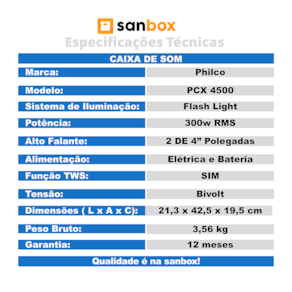 Totalmente versátil! Essa Caixa possui tecnologias como Função Philco connection (conectividade entre duas PCX4500) TWS que permite conectar duas caixas sem a necessidade de fios, com isso, você dobra a potência e criar uma imersão maior ao escutar suas músicas favoritas.
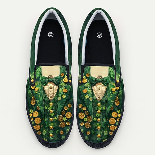Grüne Herren-Sneaker zum St. Patrick's Day – stylisches Slip-on-Design mit festlichem Kleeblattmuster, perfekt für die Feierlichkeiten zum St. Patrick's Day
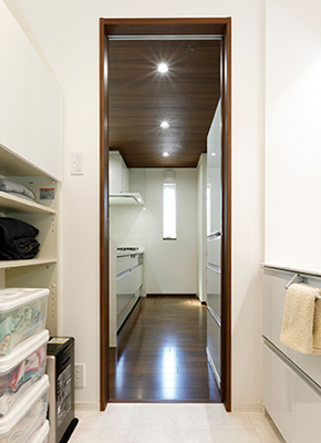 廊下側にも出入り口のある洗面室とキッチン。直線で行き来できるので、家事を並行して進めることができます。

YOUR ASSIGNMENT
Repeat all the data as it stands, dropping any images it holds.

RESPONSE TO THIS EXERCISE
 Totalmente versátil! Essa Caixa possui tecnologias como Função Philco connection (conectividade entre duas PCX4500) TWS que permite conectar duas caixas sem a necessidade de fios, com isso, você dobra a potência e criar uma imersão maior ao escutar suas músicas favoritas.
Grüne Herren-Sneaker zum St. Patrick's Day – stylisches Slip-on-Design mit festlichem Kleeblattmuster, perfekt für die Feierlichkeiten zum St. Patrick's Day
 廊下側にも出入り口のある洗面室とキッチン。直線で行き来できるので、家事を並行して進めることができます。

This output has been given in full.